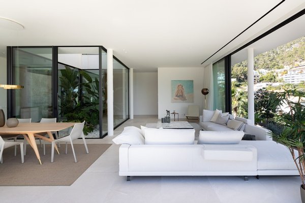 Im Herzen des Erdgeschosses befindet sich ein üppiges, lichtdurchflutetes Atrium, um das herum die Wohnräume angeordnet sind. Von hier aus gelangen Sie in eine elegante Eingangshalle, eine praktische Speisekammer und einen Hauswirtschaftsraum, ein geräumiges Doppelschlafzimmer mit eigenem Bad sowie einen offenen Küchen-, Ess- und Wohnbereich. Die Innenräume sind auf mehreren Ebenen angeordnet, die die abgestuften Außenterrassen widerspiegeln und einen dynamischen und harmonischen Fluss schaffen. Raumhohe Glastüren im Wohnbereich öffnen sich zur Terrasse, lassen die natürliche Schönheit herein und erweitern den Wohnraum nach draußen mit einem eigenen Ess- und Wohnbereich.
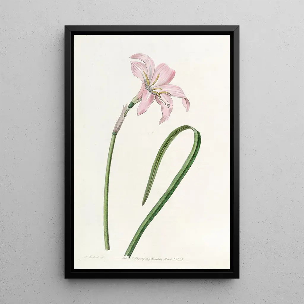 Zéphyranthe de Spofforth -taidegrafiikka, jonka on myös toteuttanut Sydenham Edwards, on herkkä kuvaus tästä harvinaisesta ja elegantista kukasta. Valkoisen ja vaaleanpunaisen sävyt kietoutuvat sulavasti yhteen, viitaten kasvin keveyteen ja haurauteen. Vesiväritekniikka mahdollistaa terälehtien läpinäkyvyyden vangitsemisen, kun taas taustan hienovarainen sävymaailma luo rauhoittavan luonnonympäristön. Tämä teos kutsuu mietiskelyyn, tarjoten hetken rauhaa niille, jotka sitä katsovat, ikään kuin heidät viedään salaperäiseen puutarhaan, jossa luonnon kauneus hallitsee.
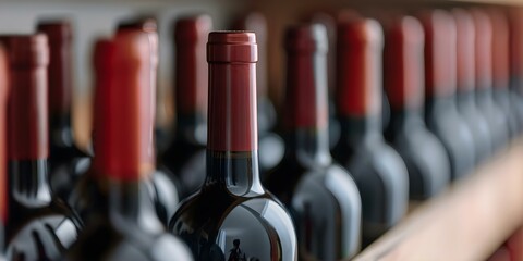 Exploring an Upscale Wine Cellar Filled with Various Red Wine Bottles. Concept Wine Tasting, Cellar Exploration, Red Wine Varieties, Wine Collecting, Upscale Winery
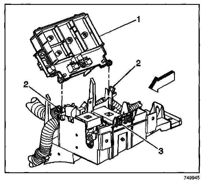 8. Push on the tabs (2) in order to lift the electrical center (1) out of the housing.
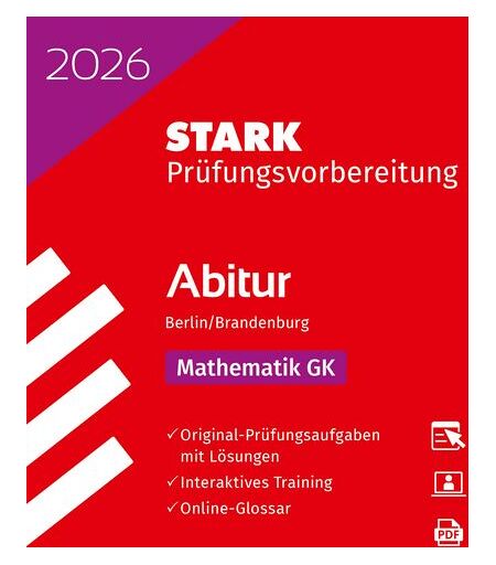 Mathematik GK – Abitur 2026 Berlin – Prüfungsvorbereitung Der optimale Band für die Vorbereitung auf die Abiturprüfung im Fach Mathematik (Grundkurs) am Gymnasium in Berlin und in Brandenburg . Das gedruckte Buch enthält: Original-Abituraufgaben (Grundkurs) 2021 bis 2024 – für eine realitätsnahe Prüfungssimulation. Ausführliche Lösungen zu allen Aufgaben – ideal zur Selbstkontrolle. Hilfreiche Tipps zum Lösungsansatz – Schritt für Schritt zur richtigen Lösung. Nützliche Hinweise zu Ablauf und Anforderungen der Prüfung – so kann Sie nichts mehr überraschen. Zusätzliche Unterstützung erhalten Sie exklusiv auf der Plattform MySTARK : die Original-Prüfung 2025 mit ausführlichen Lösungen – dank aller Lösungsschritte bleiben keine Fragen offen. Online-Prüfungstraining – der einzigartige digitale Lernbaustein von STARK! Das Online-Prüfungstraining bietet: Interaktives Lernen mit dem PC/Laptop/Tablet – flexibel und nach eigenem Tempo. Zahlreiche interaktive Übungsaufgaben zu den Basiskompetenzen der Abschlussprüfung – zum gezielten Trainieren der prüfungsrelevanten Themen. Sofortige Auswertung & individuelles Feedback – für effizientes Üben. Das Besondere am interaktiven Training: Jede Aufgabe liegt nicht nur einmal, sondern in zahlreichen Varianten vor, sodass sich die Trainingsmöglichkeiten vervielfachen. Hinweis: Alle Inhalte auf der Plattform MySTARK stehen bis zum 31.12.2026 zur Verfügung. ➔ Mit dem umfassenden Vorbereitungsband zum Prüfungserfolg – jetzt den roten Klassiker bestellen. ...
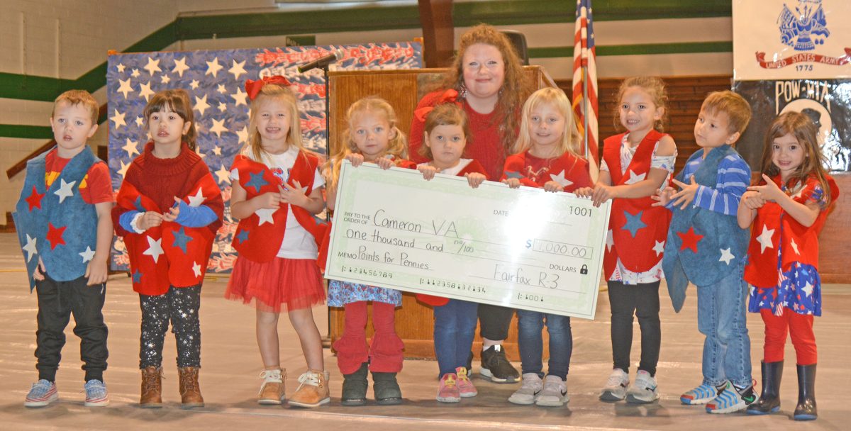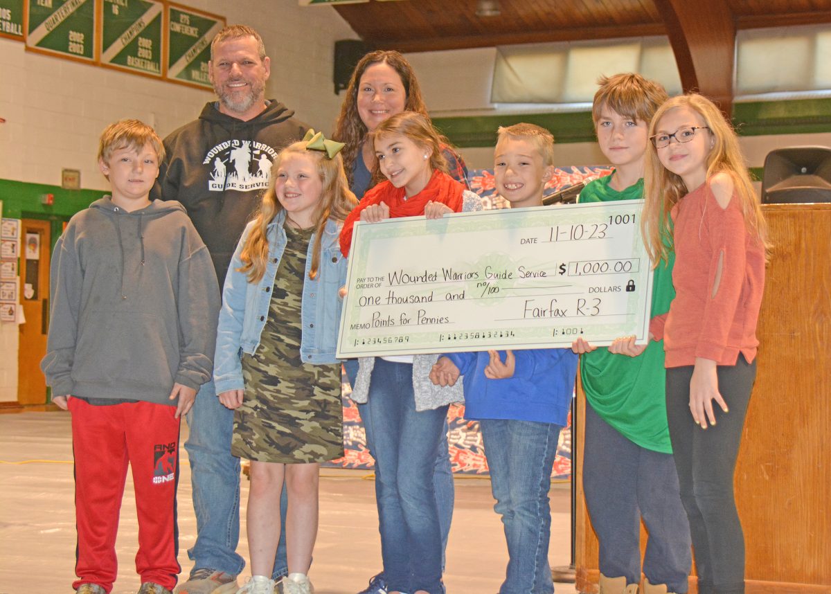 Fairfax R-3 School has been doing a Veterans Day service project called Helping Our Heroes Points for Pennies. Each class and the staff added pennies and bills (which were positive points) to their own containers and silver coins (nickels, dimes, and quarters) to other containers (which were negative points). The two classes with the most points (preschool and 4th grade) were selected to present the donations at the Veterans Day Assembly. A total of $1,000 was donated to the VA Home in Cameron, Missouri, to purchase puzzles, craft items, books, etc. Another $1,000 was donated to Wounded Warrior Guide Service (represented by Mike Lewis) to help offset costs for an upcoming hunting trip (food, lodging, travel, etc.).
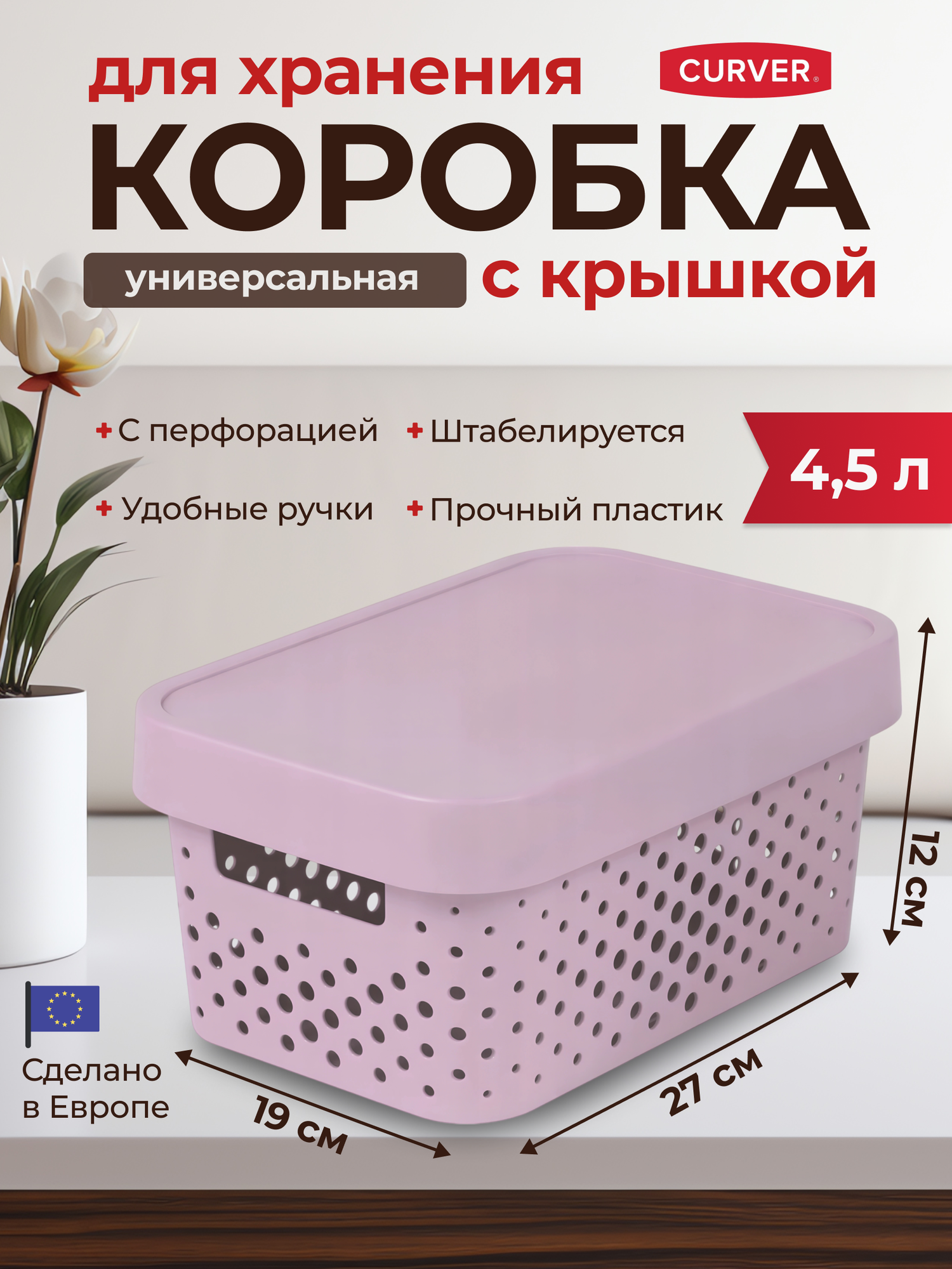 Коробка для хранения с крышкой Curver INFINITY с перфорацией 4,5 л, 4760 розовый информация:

* **TASK REQUIREMENTS**: Transcribe everything above exactly. Do not include the pictures.

* **EXERCISE RESULT**:
 Im Herzen des Erdgeschosses befindet sich ein üppiges, lichtdurchflutetes Atrium, um das herum die Wohnräume angeordnet sind. Von hier aus gelangen Sie in eine elegante Eingangshalle, eine praktische Speisekammer und einen Hauswirtschaftsraum, ein geräumiges Doppelschlafzimmer mit eigenem Bad sowie einen offenen Küchen-, Ess- und Wohnbereich. Die Innenräume sind auf mehreren Ebenen angeordnet, die die abgestuften Außenterrassen widerspiegeln und einen dynamischen und harmonischen Fluss schaffen. Raumhohe Glastüren im Wohnbereich öffnen sich zur Terrasse, lassen die natürliche Schönheit herein und erweitern den Wohnraum nach draußen mit einem eigenen Ess- und Wohnbereich.
 Zéphyranthe de Spofforth -taidegrafiikka, jonka on myös toteuttanut Sydenham Edwards, on herkkä kuvaus tästä harvinaisesta ja elegantista kukasta. Valkoisen ja vaaleanpunaisen sävyt kietoutuvat sulavasti yhteen, viitaten kasvin keveyteen ja haurauteen. Vesiväritekniikka mahdollistaa terälehtien läpinäkyvyyden vangitsemisen, kun taas taustan hienovarainen sävymaailma luo rauhoittavan luonnonympäristön. Tämä teos kutsuu mietiskelyyn, tarjoten hetken rauhaa niille, jotka sitä katsovat, ikään kuin heidät viedään salaperäiseen puutarhaan, jossa luonnon kauneus hallitsee.
 Exploring an Upscale Wine Cellar Filled with Various Red Wine Bottles. Concept Wine Tasting, Cellar Exploration, Red Wine Varieties, Wine Collecting, Upscale Winery
 8. Push on the tabs (2) in order to lift the electrical center (1) out of the housing.
 Mathematik GK – Abitur 2026 Berlin – Prüfungsvorbereitung Der optimale Band für die Vorbereitung auf die Abiturprüfung im Fach Mathematik (Grundkurs) am Gymnasium in Berlin und in Brandenburg . Das gedruckte Buch enthält: Original-Abituraufgaben (Grundkurs) 2021 bis 2024 – für eine realitätsnahe Prüfungssimulation. Ausführliche Lösungen zu allen Aufgaben – ideal zur Selbstkontrolle. Hilfreiche Tipps zum Lösungsansatz – Schritt für Schritt zur richtigen Lösung. Nützliche Hinweise zu Ablauf und Anforderungen der Prüfung – so kann Sie nichts mehr überraschen. Zusätzliche Unterstützung erhalten Sie exklusiv auf der Plattform MySTARK : die Original-Prüfung 2025 mit ausführlichen Lösungen – dank aller Lösungsschritte bleiben keine Fragen offen. Online-Prüfungstraining – der einzigartige digitale Lernbaustein von STARK! Das Online-Prüfungstraining bietet: Interaktives Lernen mit dem PC/Laptop/Tablet – flexibel und nach eigenem Tempo. Zahlreiche interaktive Übungsaufgaben zu den Basiskompetenzen der Abschlussprüfung – zum gezielten Trainieren der prüfungsrelevanten Themen. Sofortige Auswertung & individuelles Feedback – für effizientes Üben. Das Besondere am interaktiven Training: Jede Aufgabe liegt nicht nur einmal, sondern in zahlreichen Varianten vor, sodass sich die Trainingsmöglichkeiten vervielfachen. Hinweis: Alle Inhalte auf der Plattform MySTARK stehen bis zum 31.12.2026 zur Verfügung. ➔ Mit dem umfassenden Vorbereitungsband zum Prüfungserfolg – jetzt den roten Klassiker bestellen. ...
 Fairfax R-3 School has been doing a Veterans Day service project called Helping Our Heroes Points for Pennies. Each class and the staff added pennies and bills (which were positive points) to their own containers and silver coins (nickels, dimes, and quarters) to other containers (which were negative points). The two classes with the most points (preschool and 4th grade) were selected to present the donations at the Veterans Day Assembly. A total of $1,000 was donated to the VA Home in Cameron, Missouri, to purchase puzzles, craft items, books, etc. Another $1,000 was donated to Wounded Warrior Guide Service (represented by Mike Lewis) to help offset costs for an upcoming hunting trip (food, lodging, travel, etc.).
 Коробка для хранения с крышкой Curver INFINITY с перфорацией 4,5 л, 4760 розовый информация:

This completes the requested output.